PROBLEM TO SOLVE
Pictures are not part of the copy. Write out exactly the lines from the line with "This page provides" through the end of the entries below.

PROVIDED RECORDS
******

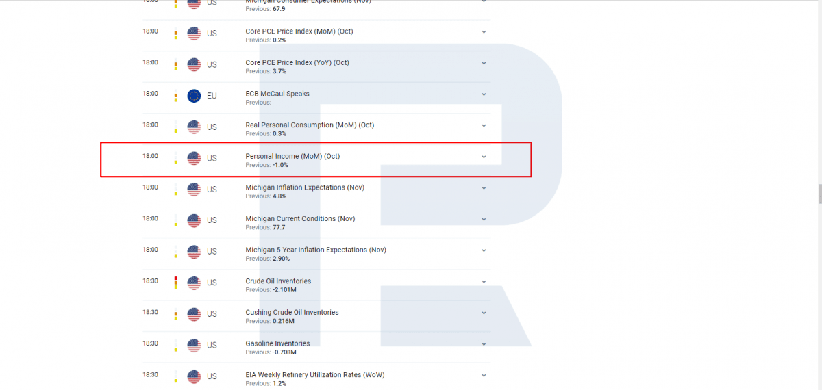 Zveřejnění osobních příjmů v makroekonomickém kalendáři
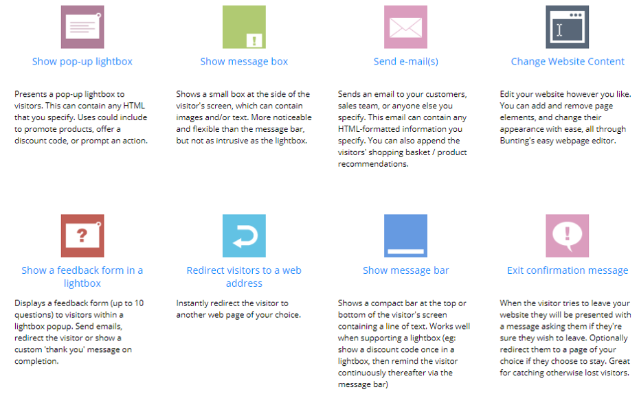 L’abbondante numero di segmenti disponibili unito alla velocità di implementazione delle automazioni rendono Bunting un software davvero potente e versatile.
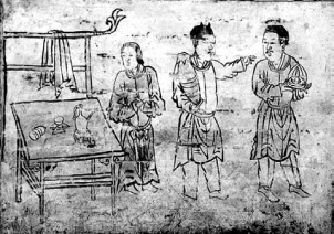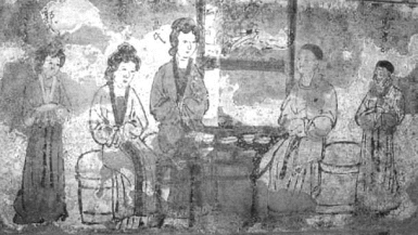 酒泉附近的5号墓有保存完好的十六国时期的大型墓室壁画,画面中心为燕居行乐图,墓主端坐在榻上,左手凭几,正观赏歌舞伎乐[14]。这一“过渡”时期起居的形象与宋代墓葬中墓主坐于椅上观赏伎乐、杂剧的同类形象形成呼应和对比,展现了生活中心的发展变化,原来以床榻为单一生活中心,至宋代则发展成床榻、桌椅双中心的形式。
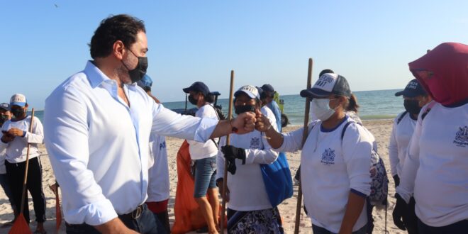 Progreso, Yucatán a 18 de abril de 2022.-Esta mañana el alcalde de Progreso, Julián Zacarías Curi acompañó a los 33 elementos del Programa de Limpieza de Playas y Ciénegas, en su labor por conservar las zonas costeras del puerto libres de residuos sólidos y contaminantes.
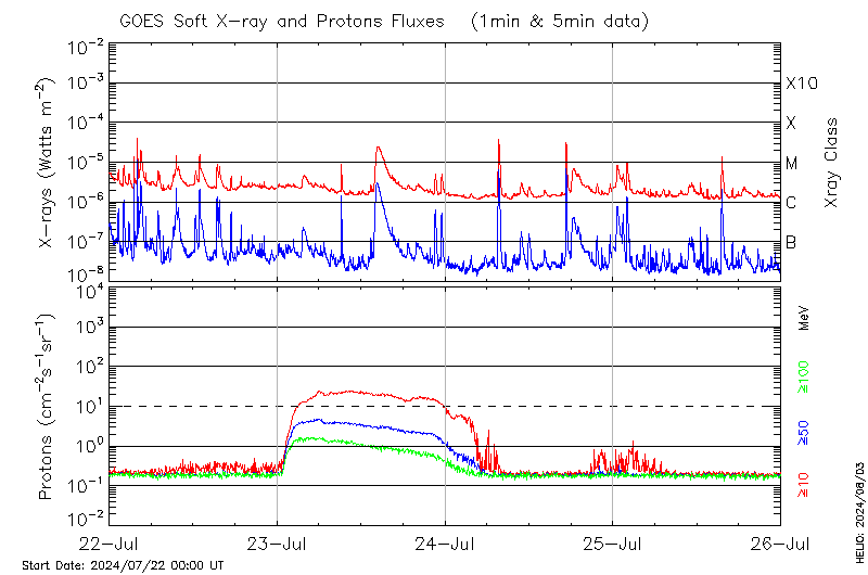 This page provides light-curves generated from GOES soft X-ray and Particle data for the date indicated at the top and the preceding three days.
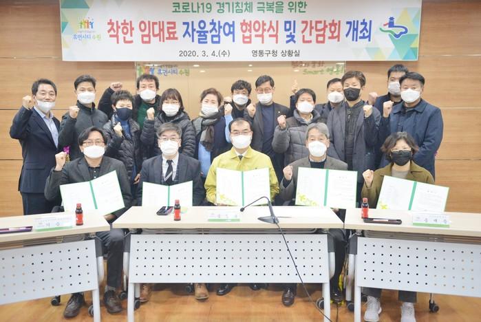 경기 수원시 영통구는 4일 지역내 상인회 대표 및 건물소유주와 함께 코로나19 여파로 어려움을 겪고 있는 소상공인을 위해 ‘착한임대료 자율참여 운동’ 협약식을 개최했다. 사진은 협약식에 차석한 송영완 구청장(가운데) 및 관계자들이 기념촬영을 하는 모습. (사진제공=영통구청)
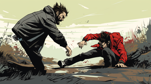 black, white and red illustration, anime style, flat colors high-resolution image grass hoper fighting with homeless guy with accent color fe5115 --ar 16:9
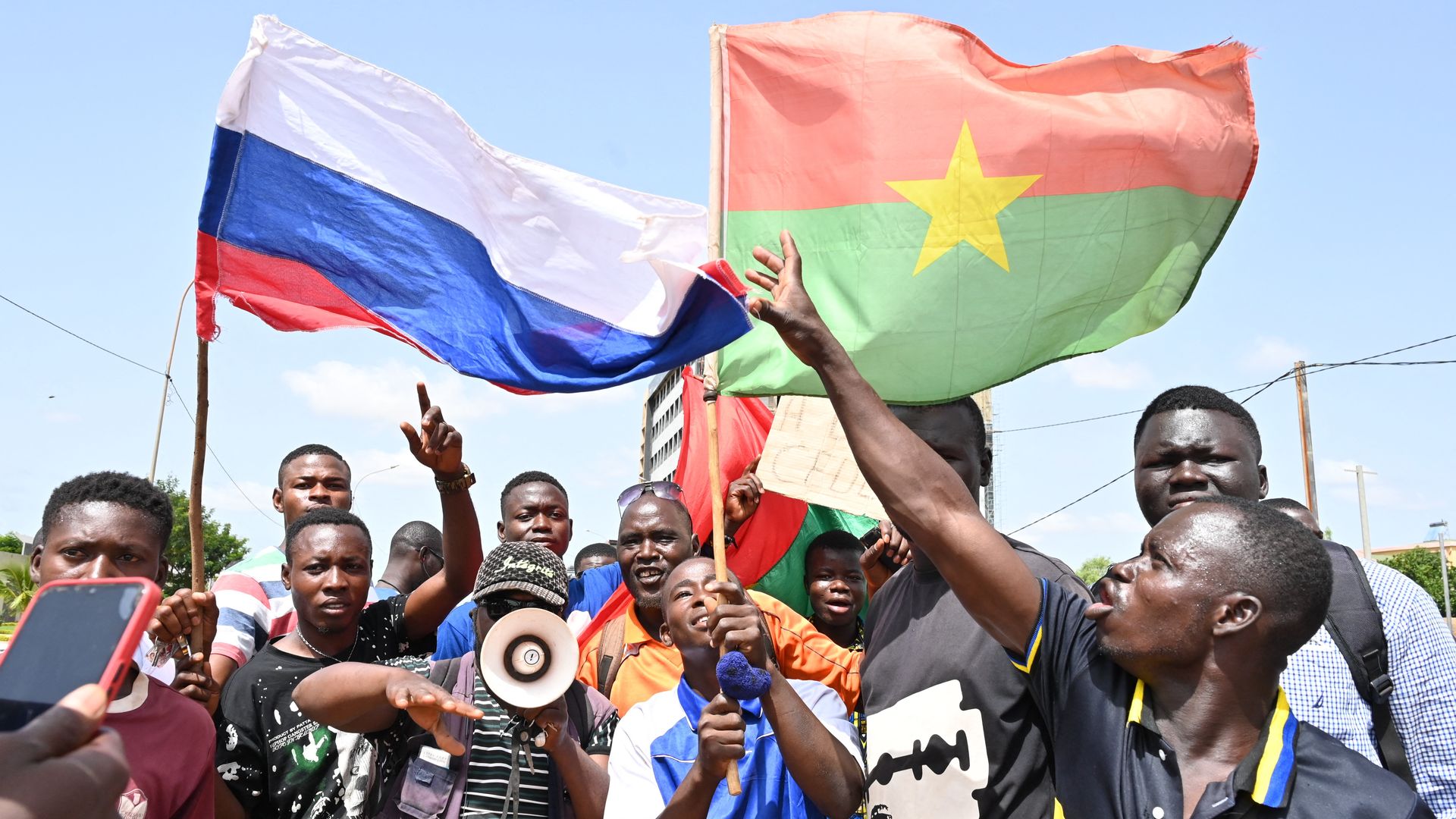 The flags of Russia and Burkina Faso are raised after a coup in Ouagadougou. Photo: Issouf Sanogo/AFP via Getty Images

******

OUTPUT FOR THIS TASK
 This page provides light-curves generated from GOES soft X-ray and Particle data for the date indicated at the top and the preceding three days.
 경기 수원시 영통구는 4일 지역내 상인회 대표 및 건물소유주와 함께 코로나19 여파로 어려움을 겪고 있는 소상공인을 위해 ‘착한임대료 자율참여 운동’ 협약식을 개최했다. 사진은 협약식에 차석한 송영완 구청장(가운데) 및 관계자들이 기념촬영을 하는 모습. (사진제공=영통구청)
 black, white and red illustration, anime style, flat colors high-resolution image grass hoper fighting with homeless guy with accent color fe5115 --ar 16:9
 The flags of Russia and Burkina Faso are raised after a coup in Ouagadougou. Photo: Issouf Sanogo/AFP via Getty Images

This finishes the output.